2007.03.26

無知の涙

20070326

永山則夫著『無知の涙』を読む。
永山則夫といえば誰もが知っているであろう連続射殺事件の犯行者であり、新日本文学賞を受賞した作家でもある。

この獄中で記された『無知の涙』を読むと、永山が獄中でどのように自己と向き合い、自答し、そして何を見い出していったのかがよくわかる。
それはあとがきにも書かれているように、事件の犯行者という先入観もっては『無知の涙』の真意に触れることはできないだろうと思う。でも『無知の涙』を読み進めていけば、おのずとそれが犯行者の自己弁明でないことくらいはわかるだろう、とも思う。

しかしながら、この『無知の涙』の自己を掘り下げ、新たな地平を切り開いていく姿には、ある作家のあり方が示されているようにも思う。
だからと言って、そのあり方が理想ということではないけれど、少なくともそのような「探求」や「追求」とでもいえる態度があってしかるべきだろう、と思ってしまう。
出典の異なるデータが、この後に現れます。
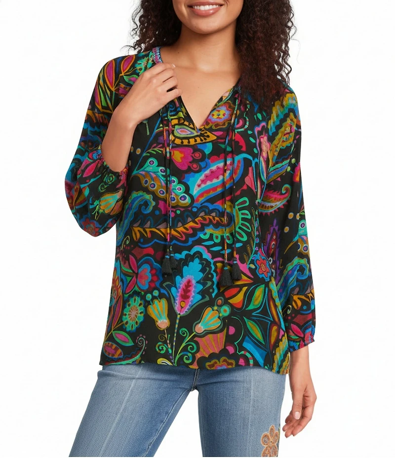 From JOHNNY WAS, this blouse features: Silk woven fabrication Silvana paisley floral print Split v-neckline with tassel ties and embroidered banded collar Bracelet sleeves with elastic cuffs Straight hemline with side slits Pullover construction Approx. 27" length Silk Dry clean Imported.
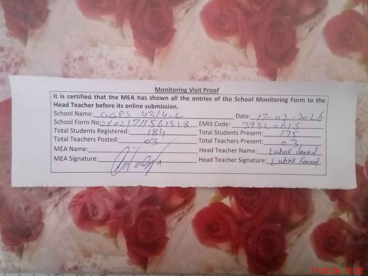 | Certified that this School was Inspected by the Undersigned MEA/DMO Today and the Information Stated Above is as Per Record. | |||||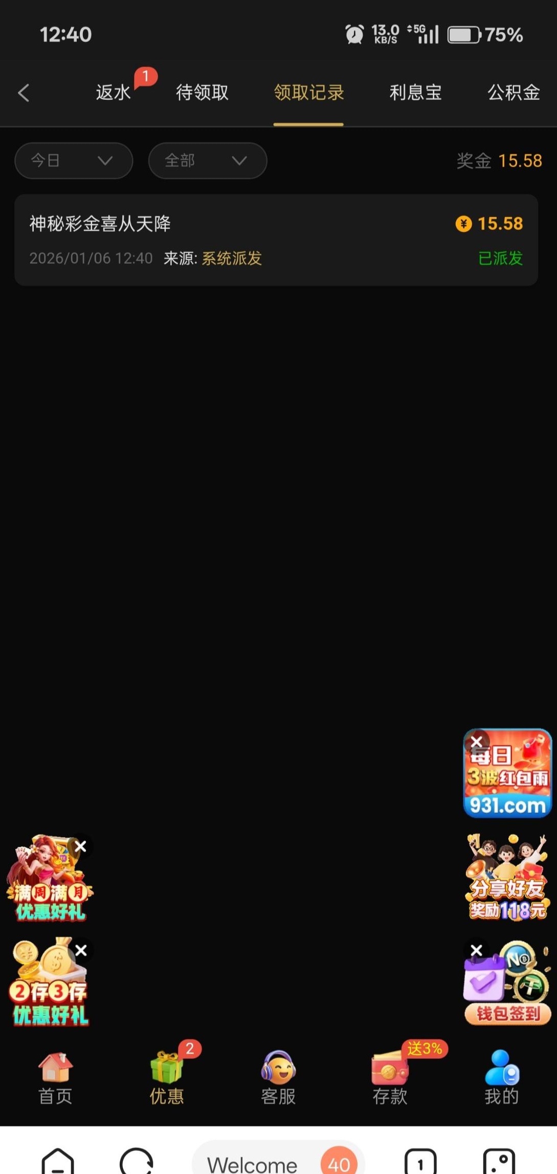 有号的上去看下有没有神秘彩金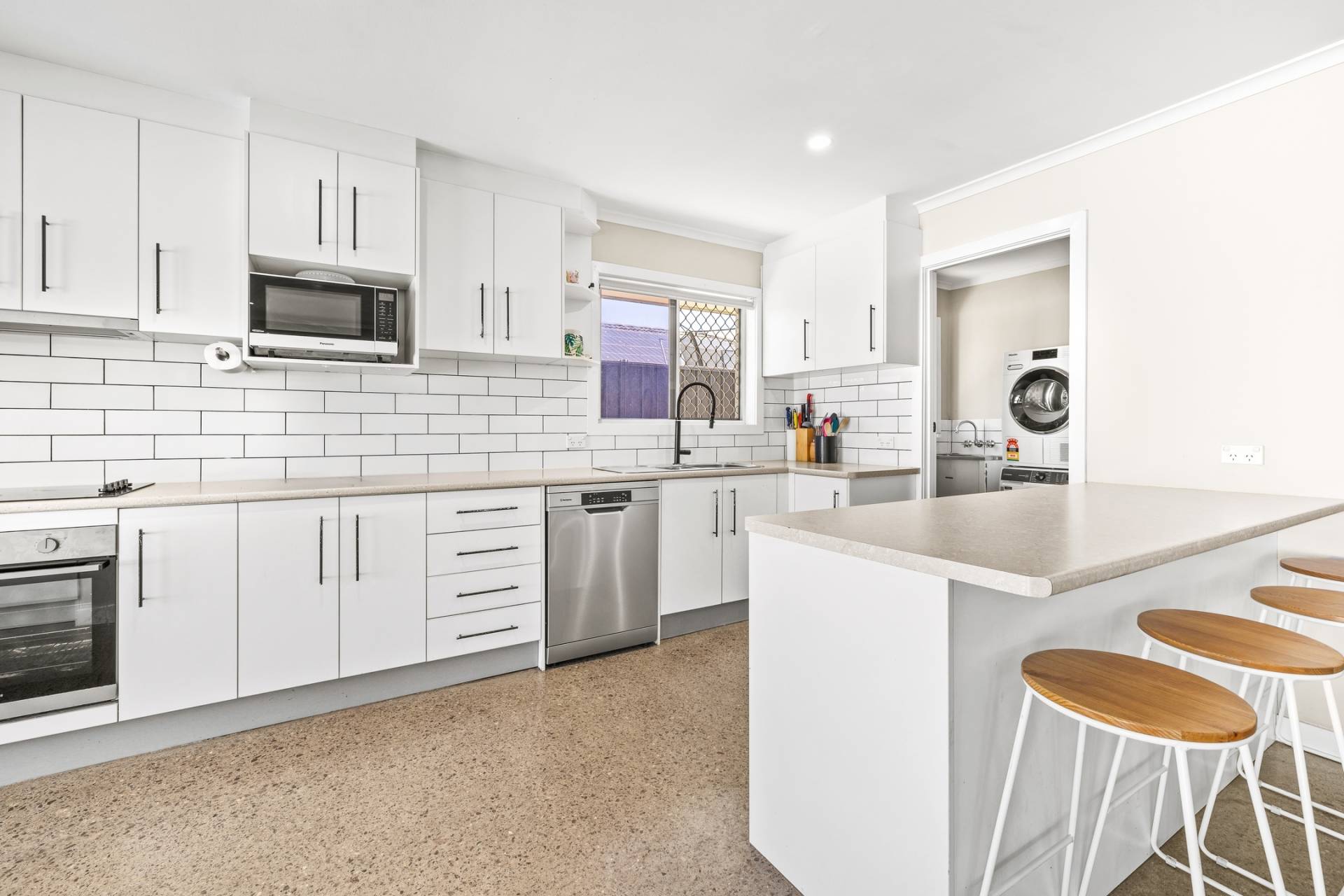 The kitchen is of a generous size with plenty of cupboard and bench space, a dishwasher and breakfast bar.

そして、僕はあらためて自身の作家としてのあり方を問われているようにも感じた。

これは余談ではあるけれど、『無知の涙』の最後、ノート10の章には赤瀬川原平の「千円札裁判」に触れながらオブジェについて書かれている箇所があったり、マルセル・デュシャンの『泉』やハイレッド・センター、最後には芸術そのものへの言及もある。

まだ読んだ事のない方で興味がある方がいましたらいかがでしょうか?
僕は読むのが遅くてだいぶ時間がかかったけれど、また少しずつ読み直してみようかと思っています。